Additional Certification Requirements for CB Transmitters
 

n8emr

Member
Joined
Oct 20, 2005
Messages
495
This looks interesting.

I would have to wade through the rules first, but I may get one of these and put it on two meters.

I am not so sure about MURS, as I seem to recall some restriction on that in Part 95.
Murs falls out pretty quick from the simple fact the radio after the nov 2002 date must be specific built for murs. You also have the narrow/wide and power level issues to also content with.
 

Don_Burke

Member
Joined
Jan 16, 2007
Messages
1,180
Location
Southeastern Virginia
Murs falls out pretty quick from the simple fact the radio after the nov 2002 date must be specific built for murs. You also have the narrow/wide and power level issues to also content with.
I could just put in the two wide channels at 1 watt, but the certification issue is a show stopper.

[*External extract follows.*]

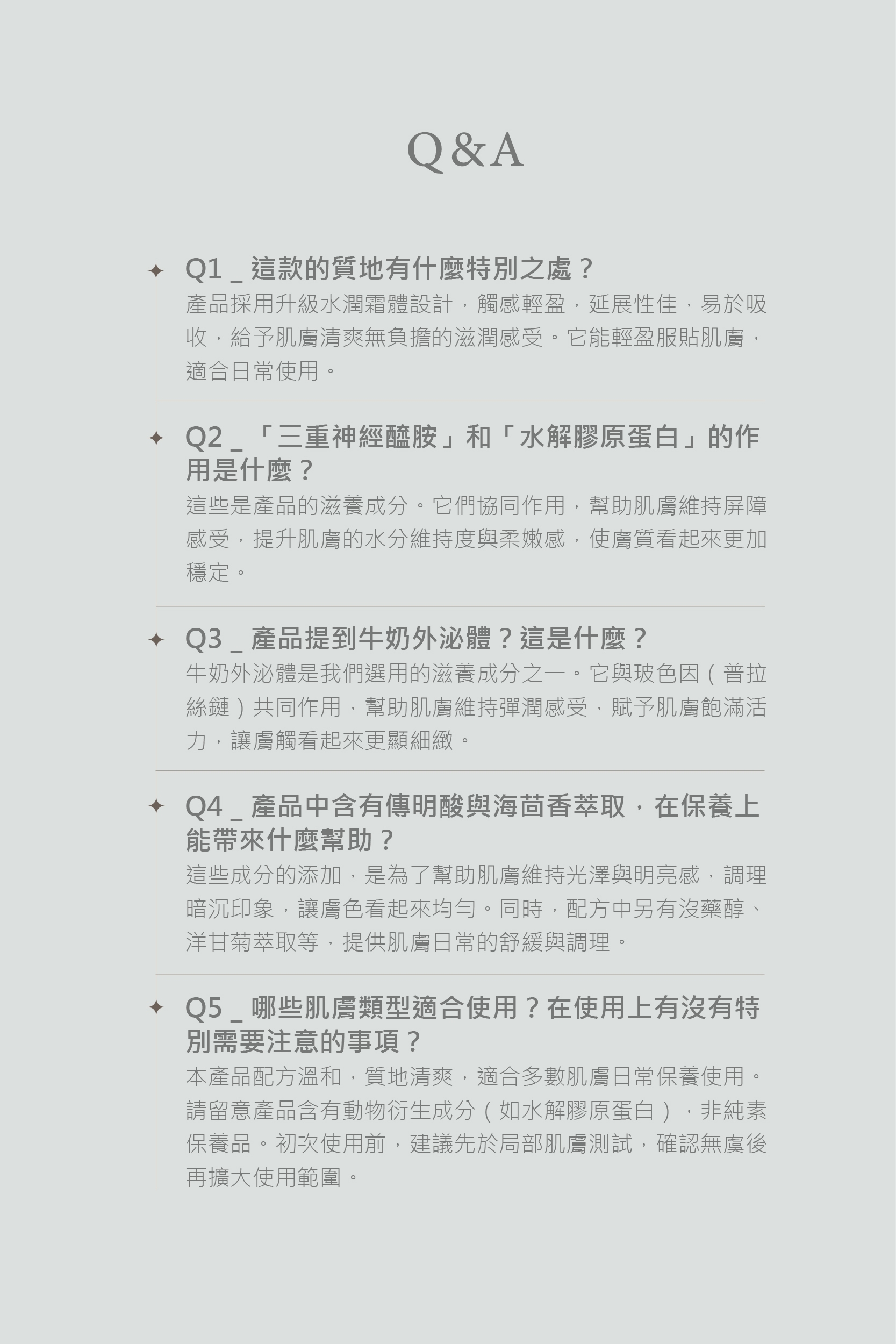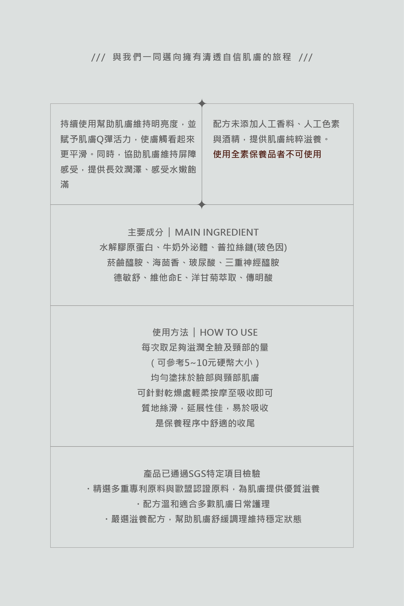 • 代替乳液及乳霜步驟使用,凝霜質地可能與底妝使用有脫屑為正常現象,建議凝霜吸收或按摩後擦拭再上妝。

I do not need any federal convictions.
 

Havocide

Member
Joined
Aug 26, 2012
Messages
2
Anyone here use the 22 free channels for land use? Also, is it hard to program with the software?
I am requesting the same information. I read through all the responses here and only two of them were relevant responses. I recently bought two Icom IC-M88 VHF radios with intentions of using them off-shore. The box said 22 programmable land use channels but of course this is something extra. On icom's site it says "*Appropriate license will be required" under 22 programmable channels for land use section.

IC-M88 VHF Marine Transceiver - Features - Icom America

I have emailed both icom and the FCC requesting licensing information for these "22 programmable channels."
From what I understand a vhf marine radio can be programmed to operate on the frequencies of 146.000 MHz - 174.000 MHz.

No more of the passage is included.